Former world champ back on bike despite accident

2013-08-23 00:00

AN accident in the Swiss Alps that left Stephan Mangelsdorff with 40 broken bones, a stopped heart, a collapsed lung and in a coma has not prevented him from cycling.

The German, a former world champion in the 50-54 downhill category, said it was a miracle he could walk again, let alone cycle, ahead of the UCI Mountain Bike Masters World Championships.

“I should be in a wheelchair.
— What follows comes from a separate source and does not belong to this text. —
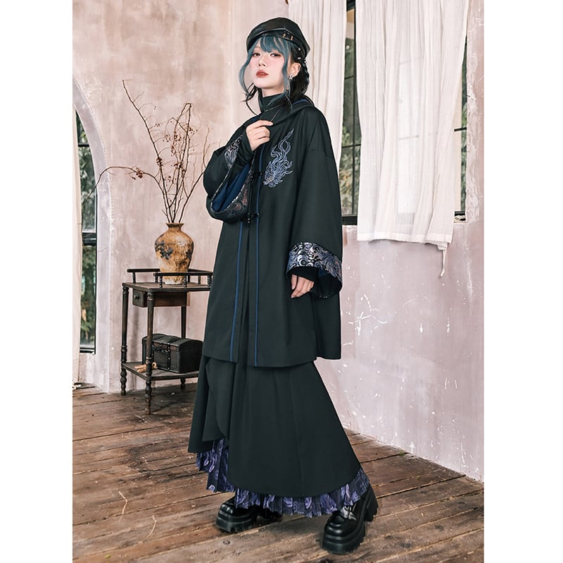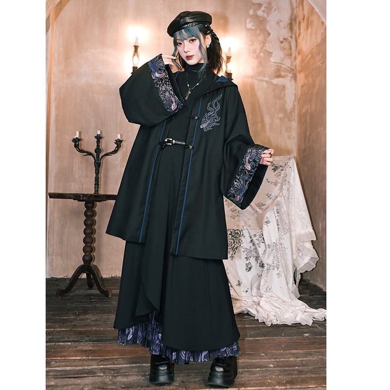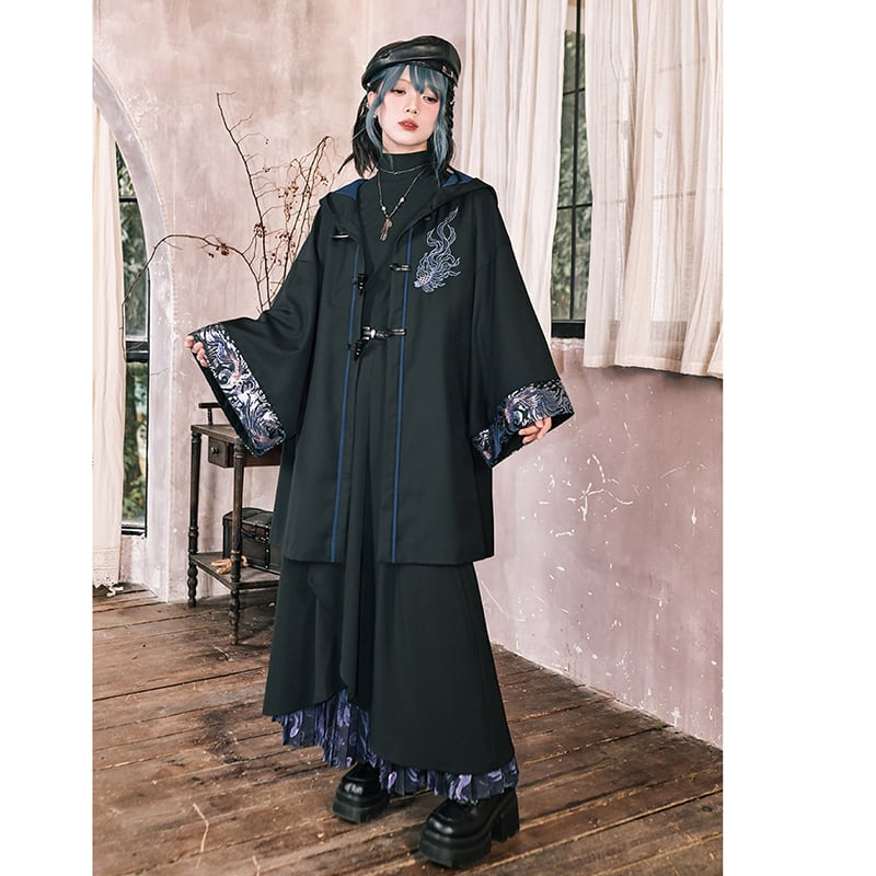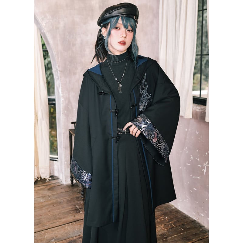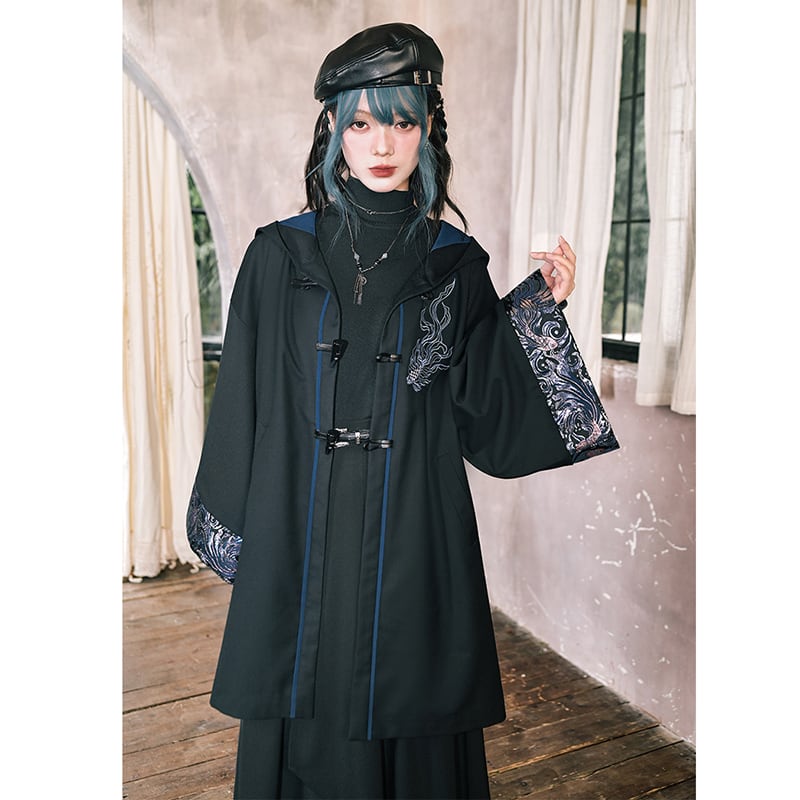 ♥フードに宿る、新しい雅!【古怪舍---浮光鰭夢シリーズ】★チャイナ風コート★ 刺繍 マント マントコート アウター coat

It’s a miracle I did not die. There must have been some angels having a picnic because there was not just one,” he told The Witness with a laugh.

The accident happened last year while he was cycling in the Alps.

“I was free riding in the Alps. I had stopped my bike and as I put my foot down, part of the trail broke and I fell about 15 metres down a rocky cliff,” he said.

In hospital, he had to be put into a medically induced coma, as one of his lungs collapsed and his heart stopped beating.

But, despite the accident, he was determined to get back on a mountain bike.

“It was not a cycling crash. I was not cycling, I was standing. So cycling is safer. I did not want to give up cycling after this accident. I don’t want this accident to rule who I am,” said Mangelsdorff.

But, despite being a former world champion, he felt that due to the injuries he suffered, winning again was not on the cards.

“I cannot win this. Maybe the Slovenian guy can because I have given him some instructions on what to do,” he added.

Slovenian Gorazd Strazisar was confident about his chances of a podium finish, despite not knowing who he would be up against.

“I haven’t seen any of the competition. But I am confident. I am enjoying being here. It’s a lot of fun. I get to meet a lot of people, and we’re like a big family,” Strazisar told The Witness.

According to “The Slovenian”, the track was physical and exhausting.

“There are a lot of jumps and it is a bit heavy. In Europe, there are a lot of roots because we race in the forest. It’s very flat over here and you can reach very fast speeds,” he said.

Michael Krueger and Matthias Reich­mann, both from Germany, were also impressed with the track, which they described as physical and fast.

“The track is awesome. It’s quite fun and faster than the tracks back home,” the 50-54 downhill category competitors said.

Reichmann said that after having had four runs on Wednesday and three yesterday, he planned to put in one more before serious competition started.

Competition at the UCI Mountain Bike Masters World Championships will begin today with cross-country in the morning and downhill racing from 2 pm to 5 pm.